Hughes connects the present with the distant past, implying that past
violence is embedded in the land, re-emerging in the form of these
aggressive plants.
- Masculinity and Warfare
The imagery is distinctly masculine and combative, with
thistles likened to “splintered weapons” and “fistfuls,” suggesting male
aggression, pride, and the warrior spirit.
Structure and Form
The poem
consists of three unrhymed tercets (three-line stanzas) followed by a
final quatrain. The lack of rhyme or regular meter gives it a harsh,
irregular rhythm that mirrors the jagged subject matter of thistles and
conflict. The free verse form reinforces a sense of unpredictability and
natural disorder, much like the uncontrollable resurgence of the thistles
themselves.
Style and Language
Hughes’s
style is compressed, vivid, and violent, marked by terse syntax and
dense metaphors. He frequently uses enjambment, allowing ideas to spill
over lines without pause, which creates a relentless, driving momentum.
The language
is striking and tactile, filled with hard consonants and guttural
sounds (e.g., "crackle", "spike", "burst",
"thrust") that mimic the physical toughness of the thistles and the
brutal imagery they evoke.
Tone and Mood
- Tone: The tone is grim, intense, and reverent,
almost mythic in its elevation of the thistles from simple weeds to
ancient warriors. There is also an undercurrent of awe and fatalism,
as if the speaker respects the thistles’ power even while recognizing
their destructiveness.
- Mood: The mood is ominous and combative,
with a sense of unease and relentless struggle. It evokes the atmosphere
of a battlefield—raw, unsettled, and bound to erupt again.
Literary Devices
- Metaphor: The thistles are persistently metaphorized
as warriors—“fistful of splintered weapons,” “sons…stiff with weapons.”
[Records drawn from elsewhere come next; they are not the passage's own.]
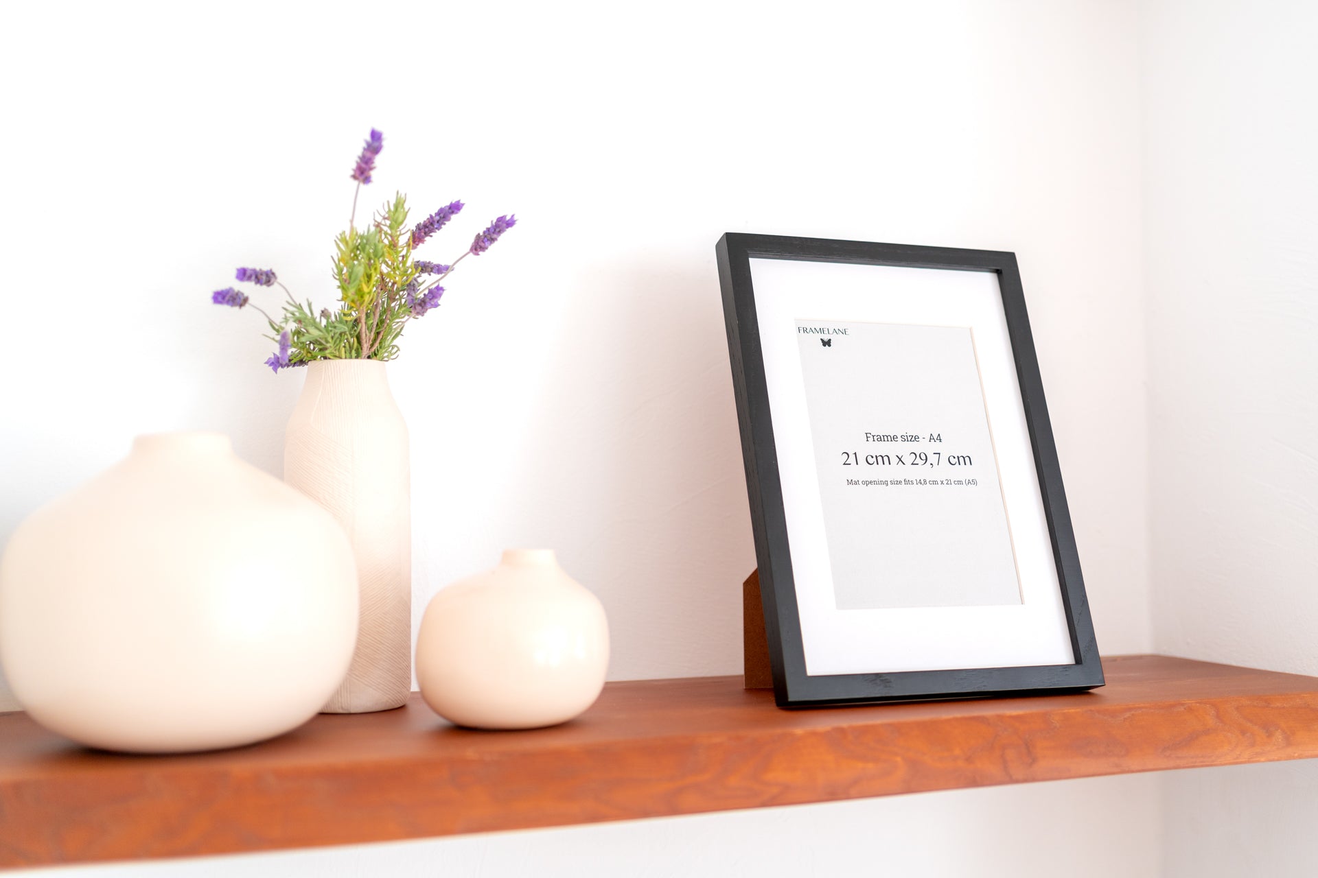 Embrace your memories with this stylish, eco-friendly 21x29.7 cm (A4) solid black oak wood frame set.
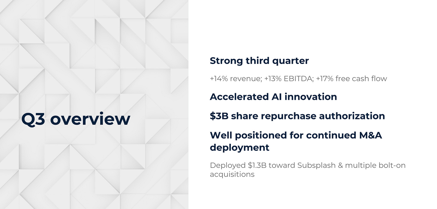 Acquisitions: $1.3 billion spent on Subsplash and bolt-ons.
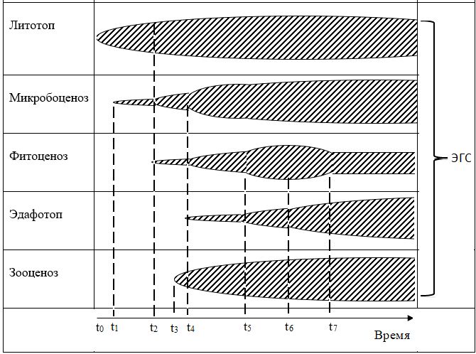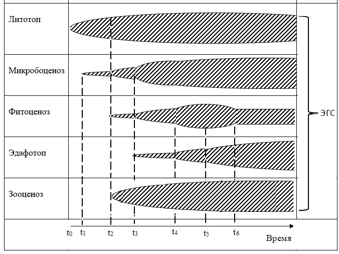 Из этой схемы следует, что литотоп – самый консервативный компонент ЭГС в смысле его динамики в физическом времени, но самый длительный по времени своего существования: массив грунтов имеет длительную геологическую историю своего развития от момента его возникновения (t0) до настоящего времени. Через некоторое время (t1) после возникновения литотопа он в первую очередь заселяется микроорганизмами и в пределах ЭГС формируется первичный микробоценоз. С появлением в ЭГС низших растений (t2), представленных лишайниками и мхами, микробоценоз расширяется в пространстве и видовом многообразии. В фитоценозе формируется начальная сукцессия, которая с появлением почв (t4) переходит во вторую стадию, затем в третью и так вплоть до стабилизации фитоценоза при достижении им климаксной стадии с момента времени (t7). К этой же стадии микробоценоз и эдафотоп также достигают своей стабилизации.

- Personification: Thistles “spike,” “crackle,” and “fight
back,” granting them human-like will and purpose.
- Alliteration: Phrases like “hoeing hands,” and “blue-black
pressure,” reinforce the poem’s rhythmic
harshness.
- Imagery: Vivid sensory images like “plume of blood”
and “Icelandic frost” appeal to sight, touch, and temperature, creating a
chilling, martial landscape.
- Historical Allusion: The mention of “Vikings” and “Icelandic
frost” connects the natural world to a specific historical narrative of
conquest and endurance.
- Symbolism: The thistles become a symbol of cyclical
revenge, generational memory, and indestructible nature.
Conclusion
Thistles is a tightly wrought, symbolically rich poem that
exemplifies Ted Hughes’s fascination with the primal forces of nature and
violence. Through a seemingly simple subject, Hughes conjures a mythic vision
of ongoing conflict, tying together plant biology, human history, and ancestral
memory. The poem's sharp diction, relentless tone, and martial imagery leave a
lasting impression of nature as both ancient and ever-renewing—a world where
even weeds bear weapons and carry old feuds into new seasons.